__Information supplied__.
↓↓↓
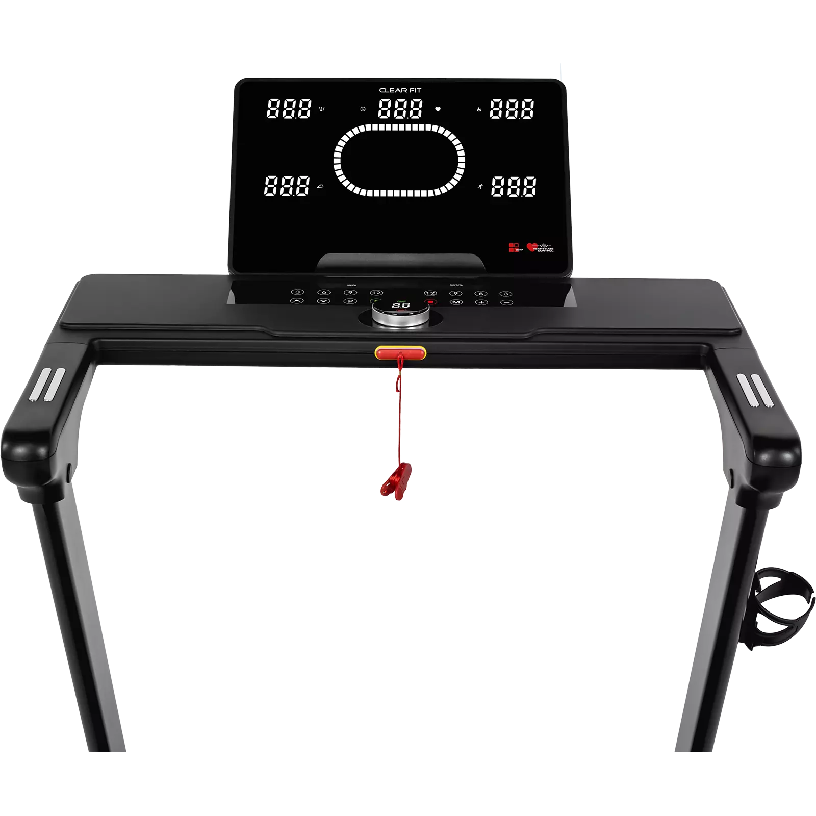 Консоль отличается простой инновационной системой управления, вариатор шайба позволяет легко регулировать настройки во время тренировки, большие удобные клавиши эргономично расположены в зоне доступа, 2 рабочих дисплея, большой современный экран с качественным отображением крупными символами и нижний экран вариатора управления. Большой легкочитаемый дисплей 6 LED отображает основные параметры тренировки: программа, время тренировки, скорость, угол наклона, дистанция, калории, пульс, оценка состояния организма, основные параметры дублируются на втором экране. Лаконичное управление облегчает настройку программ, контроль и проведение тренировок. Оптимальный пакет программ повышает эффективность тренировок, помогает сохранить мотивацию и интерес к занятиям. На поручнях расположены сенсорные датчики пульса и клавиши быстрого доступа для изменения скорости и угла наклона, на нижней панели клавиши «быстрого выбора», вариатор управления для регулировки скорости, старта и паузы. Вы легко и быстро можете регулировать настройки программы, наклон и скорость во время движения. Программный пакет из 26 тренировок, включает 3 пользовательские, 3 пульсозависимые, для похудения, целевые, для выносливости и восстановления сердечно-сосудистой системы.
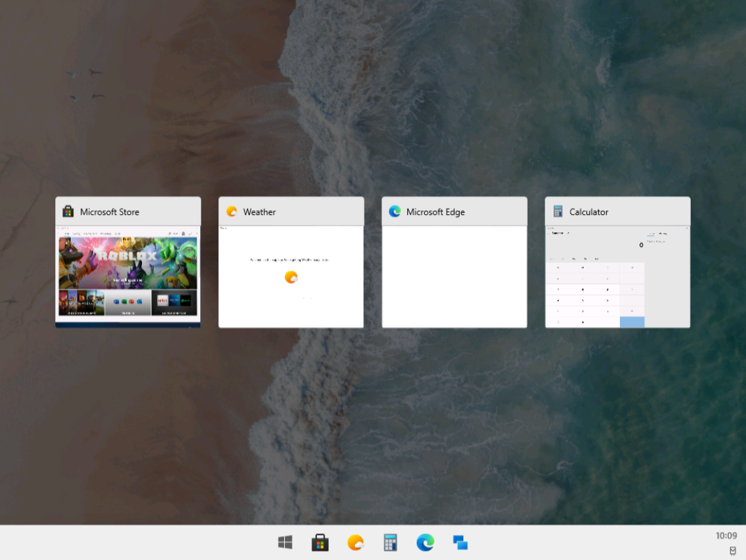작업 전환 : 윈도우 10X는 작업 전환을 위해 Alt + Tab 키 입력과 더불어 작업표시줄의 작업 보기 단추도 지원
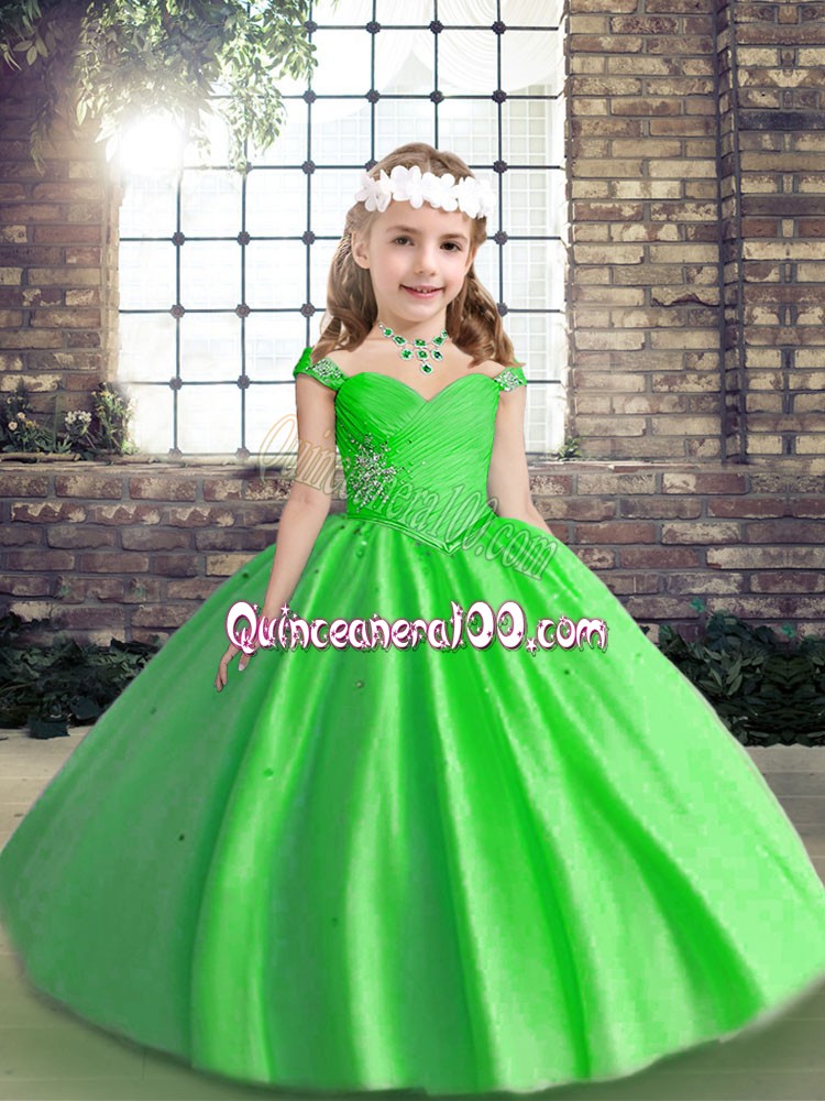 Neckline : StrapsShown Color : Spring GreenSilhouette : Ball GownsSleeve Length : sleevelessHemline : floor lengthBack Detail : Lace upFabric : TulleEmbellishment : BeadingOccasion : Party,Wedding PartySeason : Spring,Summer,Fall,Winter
↑↑↑
__Problem details__.
Line by line, write out the material exactly, leaving the images out.

__Solution to this task__.
 Консоль отличается простой инновационной системой управления, вариатор шайба позволяет легко регулировать настройки во время тренировки, большие удобные клавиши эргономично расположены в зоне доступа, 2 рабочих дисплея, большой современный экран с качественным отображением крупными символами и нижний экран вариатора управления. Большой легкочитаемый дисплей 6 LED отображает основные параметры тренировки: программа, время тренировки, скорость, угол наклона, дистанция, калории, пульс, оценка состояния организма, основные параметры дублируются на втором экране. Лаконичное управление облегчает настройку программ, контроль и проведение тренировок. Оптимальный пакет программ повышает эффективность тренировок, помогает сохранить мотивацию и интерес к занятиям. На поручнях расположены сенсорные датчики пульса и клавиши быстрого доступа для изменения скорости и угла наклона, на нижней панели клавиши «быстрого выбора», вариатор управления для регулировки скорости, старта и паузы. Вы легко и быстро можете регулировать настройки программы, наклон и скорость во время движения. Программный пакет из 26 тренировок, включает 3 пользовательские, 3 пульсозависимые, для похудения, целевые, для выносливости и восстановления сердечно-сосудистой системы.
작업 전환 : 윈도우 10X는 작업 전환을 위해 Alt + Tab 키 입력과 더불어 작업표시줄의 작업 보기 단추도 지원
 Neckline : StrapsShown Color : Spring GreenSilhouette : Ball GownsSleeve Length : sleevelessHemline : floor lengthBack Detail : Lace upFabric : TulleEmbellishment : BeadingOccasion : Party,Wedding PartySeason : Spring,Summer,Fall,Winter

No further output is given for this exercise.